The cannabis retail sector is booming.

The province does not limit the number of privately owned cannabis stores that can receive licences, although applicants go through a rigorous screening by the Alcohol and Gaming Commission of Ontario.

Since last spring, a steady stream of stores have opened, with more to come.

As of Tuesday, 27 cannabis stores were authorized to be open in Ottawa, compared to seven last May. Another 58 entrepreneurs have secured locations for stores and are going through the application process to obtain a licence.

The stores are spread across Ottawa-Carleton, from downtown to the suburbs. When the province first announced that cannabis stores would be operated as private businesses, critics worried the shops would be clustered in low-income neighbourhoods such as along Montreal Road, where a number of illegal shops had operated before recreational marijuana was legalized.

That has not happened. Currently two shops are proposed for Montreal Road, one of them authorized to open.

The ByWard Market, a mecca for tourists and nightlife, has three cannabis stores operating and two more proposed.

The Glebe neighbourhood is another popular location, with four shops planned within a five-block span. One store is open and three are waiting for licences.

There is also a concentration on the north end of Bank Street. In the 10-block span between Albert and James streets, two stores are open and three more are going through the application process.

Orleans has four stores open and eight proposed, while in Nepean five stores are authorized to open and seven are in the licence queue.

How many shops Ottawa and the province can sustain remains to be seen.

Across Ontario there are nearly 1,200 cannabis stores either open or in the process of applying for a licence, according to the AGCO.

Rose-Brown said she and her husband started researching the possibility of owning a cannabis store after Justin Trudeau was elected prime minister in 2015 with a promise to legalize recreational marijuana.

“We were very interested in opening a store for a number of reasons. No. 1: I grew up in the 70s, and there was always the whole stigma around cannabis and the back-alley, dingy kind of environment. People kind of thought that was what it was.

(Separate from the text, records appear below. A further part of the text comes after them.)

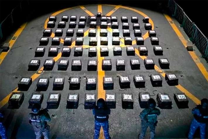 México .- En una operación marítima encabezada por elementos de la Secretaría de Marina (Semar), a través de la Armada de México en funciones de Guardia Costera, en coordinación con la Fiscalía General de la República (FGR) y la Secretaría de Seguridad y Protección Ciudadana (SSPC), se aseguraron 80 bultos con aproximadamente dos toneladas de presunta cocaína, cuyo peso exacto será determinado por las autoridades ministeriales correspondientes.
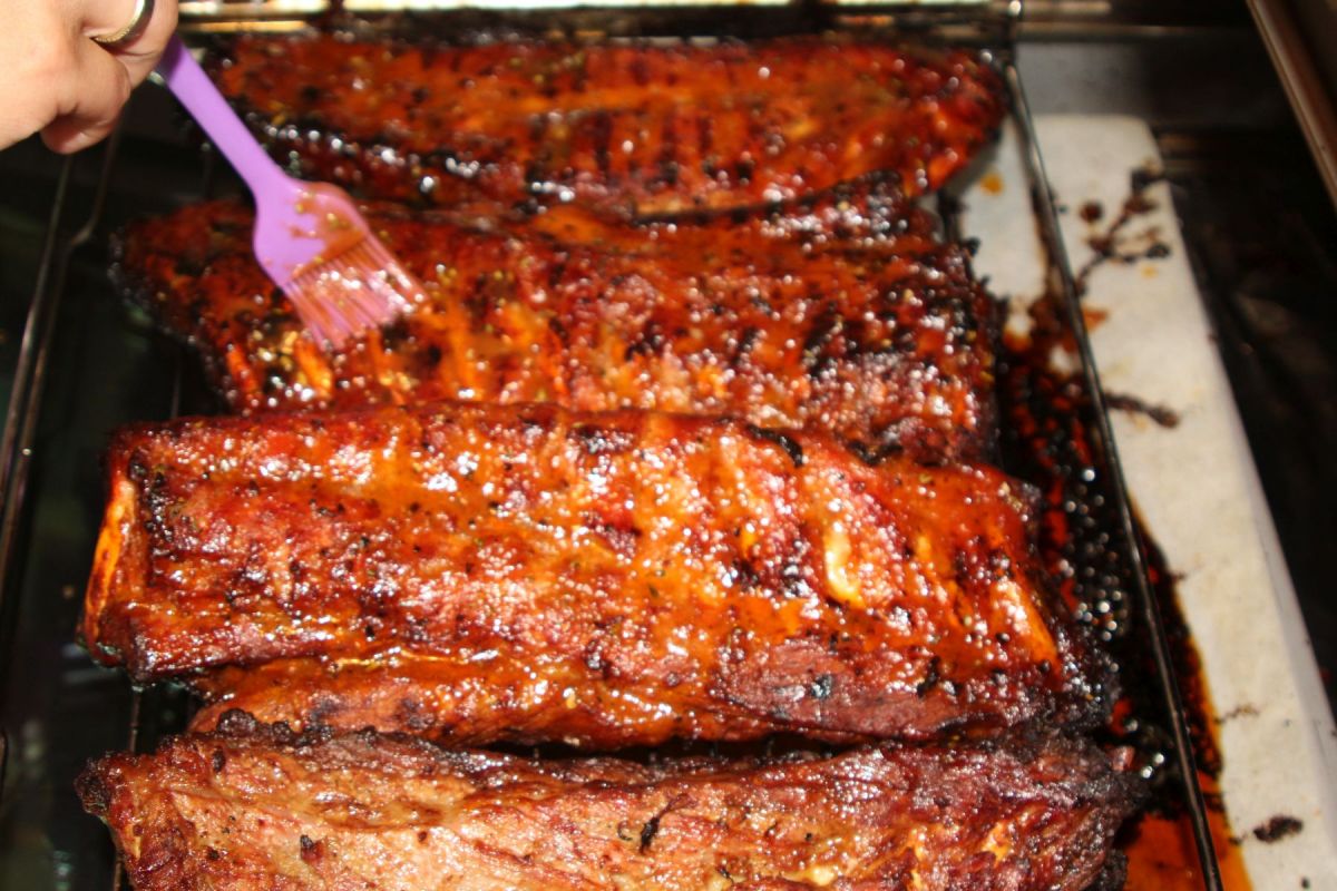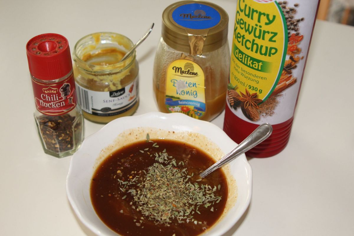 Gegen Ende der Garzeit (erst im Grill für das Foto – dann, wie gewohnt im Backofen) kommt Hannas geheime Marinade zum Einsatz. Angerührt aus verschiedenen schwierigen Essenzen wird das Fleisch noch mehrfach bepinselt.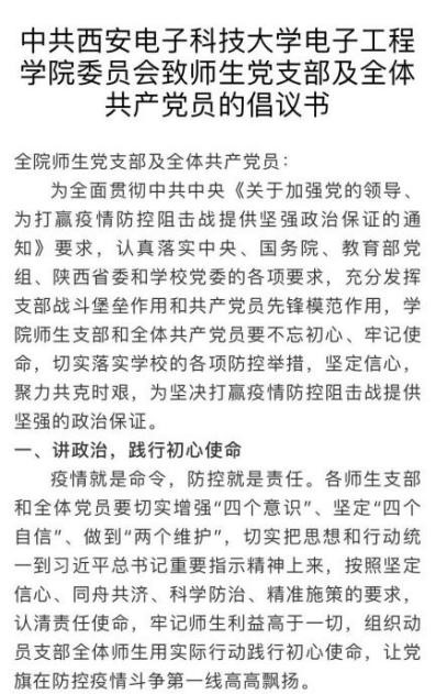 《中共银河集团官网委员会致师生党支部及全体共产党员的倡议书》通过网站和微信公众号向全院师生及时发布,设置了疫情期党建先锋岗和责任区,积极动员全体师生党员充分认识疫情防控工作面临的严峻形势,旗帜鲜明讲政治,全力以赴积极有序地做好疫情防控工作。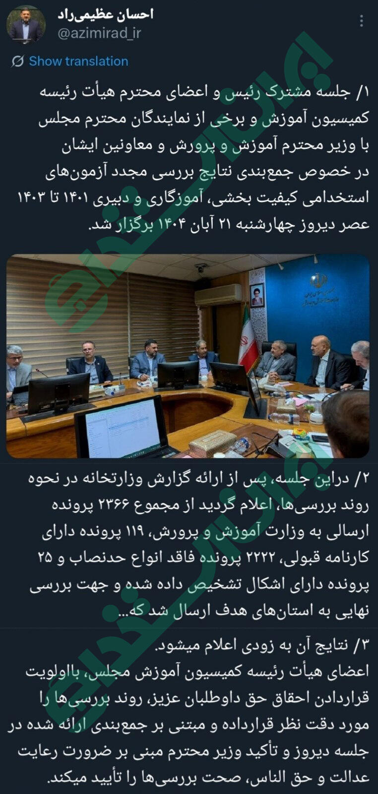 خبر 24 آبان 1404: سخنگوی کمیسیون آموزش و تحقیقات مجلس شورای اسلامی: جلسه مشترک رئیس و اعضای هیأت رئیسه کمیسیون آموزش و برخی از نمایندگان مجلس با وزیر آموزش و پرورش و معاونین ایشان در خصوص جمع بندی نتایج بررسی مجدد آزمونهای استخدامی کیفیت بخشی، آموزگاری و دبیری 1401 تا 1403 عصر چهارشنبه 21 آبان 1404 برگزار شد.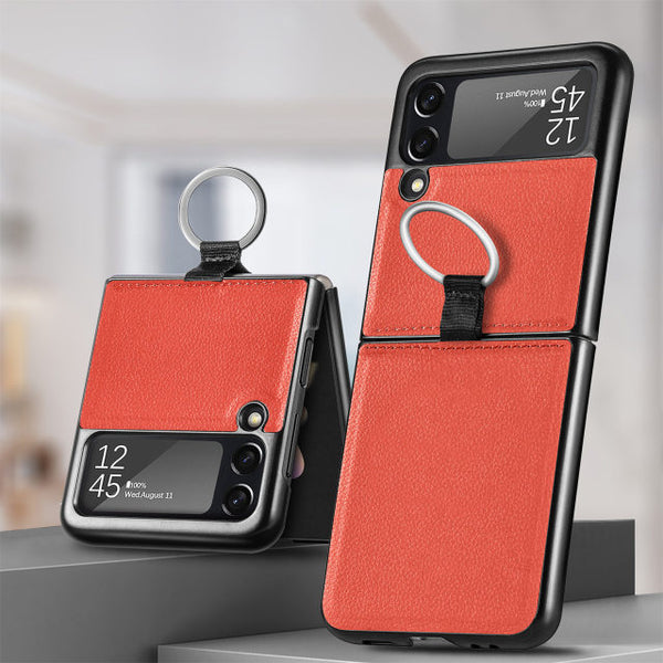 Anti-knock luxury leather Ring Phone Case For Samsung Galaxy Z Flip

“I always kind of wanted to get rid of that, open up a new business where you could see how amazing stores could be. They are not your dive-ey stores, they are gorgeous stores. They are beautiful and bright and we have such amazing, educated staff. They are like cannabis geniuses. You can walk in the store and learn anything you want about cannabis, you know?”

Their son, Mitch Brown, works at the store with them, along with a dozen or so staff, most of them in their 20s.

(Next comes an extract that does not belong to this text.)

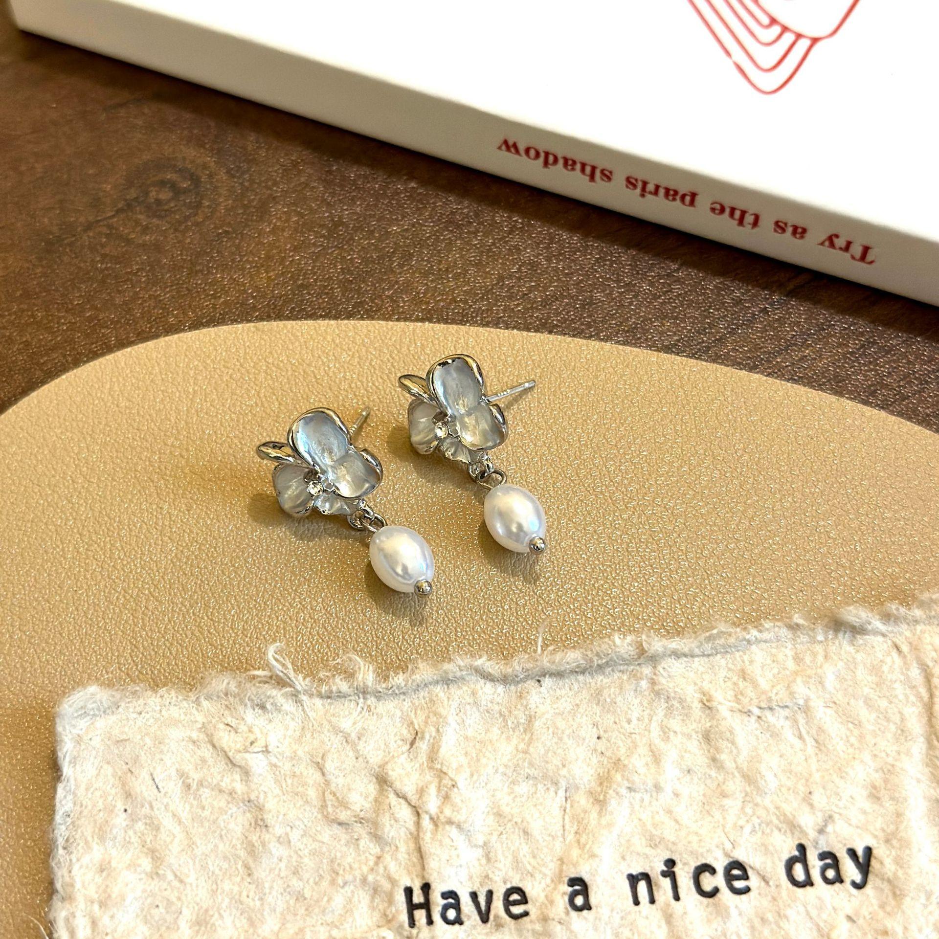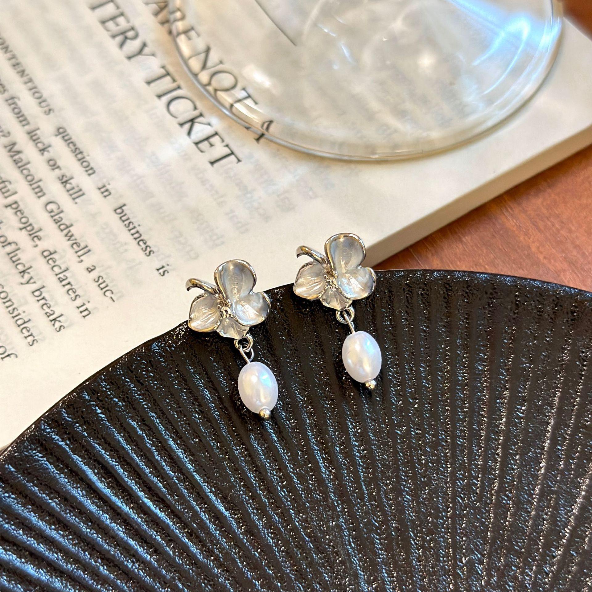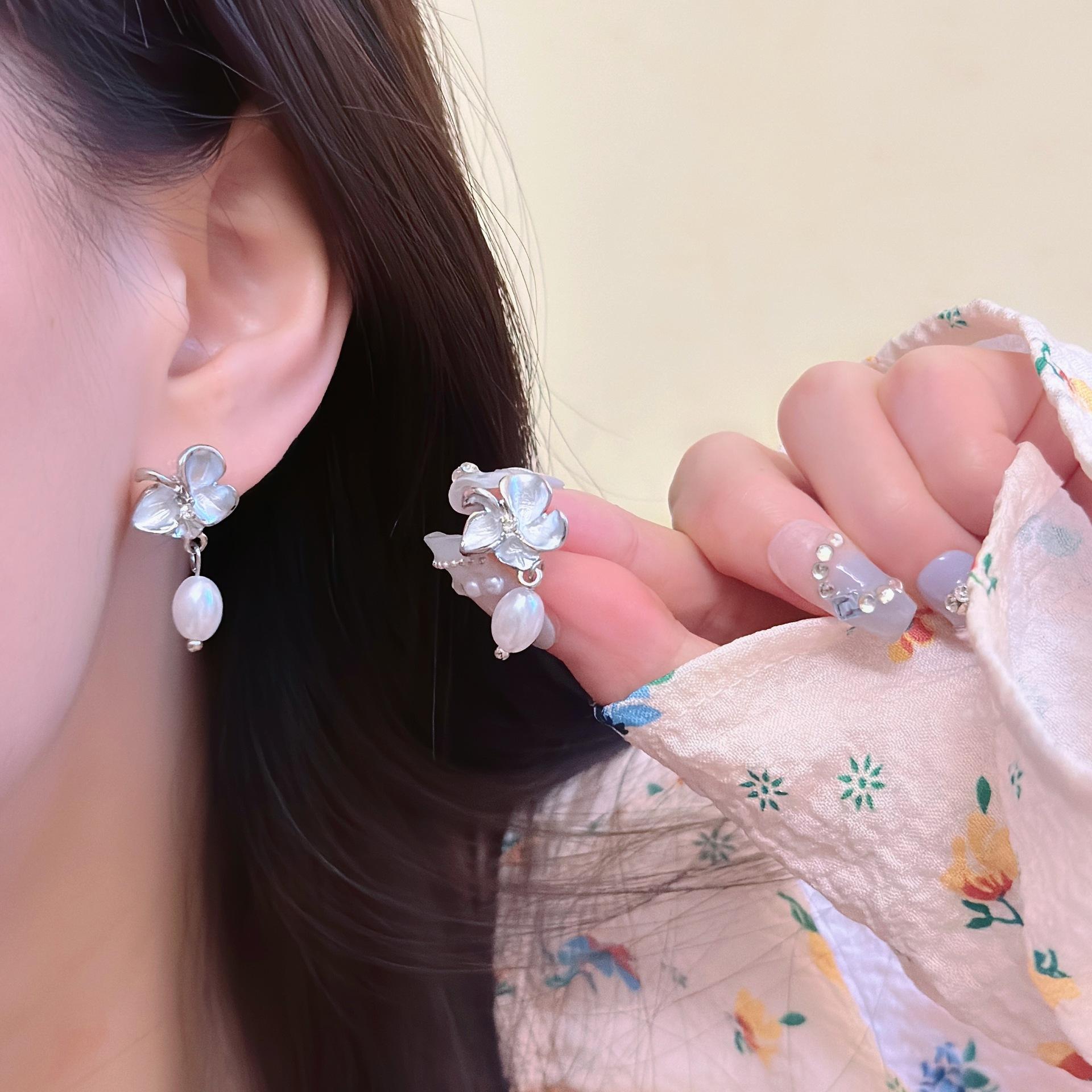 Brincos de imitação de pérolas de fada de flores, brincos femininos novos de primavera e verão, brincos de floresta, design de nicho de luxo leve, brincos avançados, clipe de orelha

“My husband and I are the oldsters,” she laughed.

Rose-Brown said the cannabis industry reminds her of moving to Ottawa 24 years ago to take a job with a high-tech company.

“It was such an exciting new industry and an exciting world to be in, and we knew cannabis would be that same kind of energy because it was so new in the world. We were pioneers in this new industry going live in Canada. We wanted to be part of that.”

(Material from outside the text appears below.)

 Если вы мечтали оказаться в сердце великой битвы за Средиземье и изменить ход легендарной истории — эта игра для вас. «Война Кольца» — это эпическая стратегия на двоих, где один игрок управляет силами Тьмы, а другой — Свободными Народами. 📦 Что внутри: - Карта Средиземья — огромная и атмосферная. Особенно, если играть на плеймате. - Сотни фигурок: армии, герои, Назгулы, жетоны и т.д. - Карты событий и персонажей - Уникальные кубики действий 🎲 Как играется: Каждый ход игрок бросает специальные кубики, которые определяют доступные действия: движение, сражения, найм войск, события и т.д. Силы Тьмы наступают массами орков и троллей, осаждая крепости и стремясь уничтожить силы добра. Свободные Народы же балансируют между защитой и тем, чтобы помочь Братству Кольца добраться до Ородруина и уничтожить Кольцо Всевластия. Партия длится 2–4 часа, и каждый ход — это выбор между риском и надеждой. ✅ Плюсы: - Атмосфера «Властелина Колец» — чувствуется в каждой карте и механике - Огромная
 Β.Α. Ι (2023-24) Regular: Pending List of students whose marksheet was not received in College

The couple wanted to operate a franchise and was impressed by Spiritleaf, a Calgary-based company that has dozens of stores across Canada, she said.

They had experience with franchises after spending two decades running a quick oil-change outlet in Gloucester, which they gave up last year, said Rose-Brown. They still own an oil-change outlet in St. Catharines.

Spiritleaf offers them back-end support for everything from marketing to finance and legal advice, she said.

“You get everything you need. You don’t have to reinvent the wheel.”

Ottawa has three other Spiritleaf franchises open.

Many of the stores in Ottawa carry the name of a chain, including Dutch Love (formerly Hobo Cannabis Co.), Superette, Tokyo Smoke, One Plant and Fire & Flower.

Rural areas surrounding Ottawa are also seeing stores pop up. Five stores have been authorized to open in Pembroke, with another one proposed. Three stores are in the works in Renfrew and two are proposed in Petawawa.

Canopy Growth Corp. has applied to operate a store at its Tweed marijuana plant in Smiths Falls, but it will have competition in town. One cannabis store is already open in Smiths Falls and two more have applied for a licence.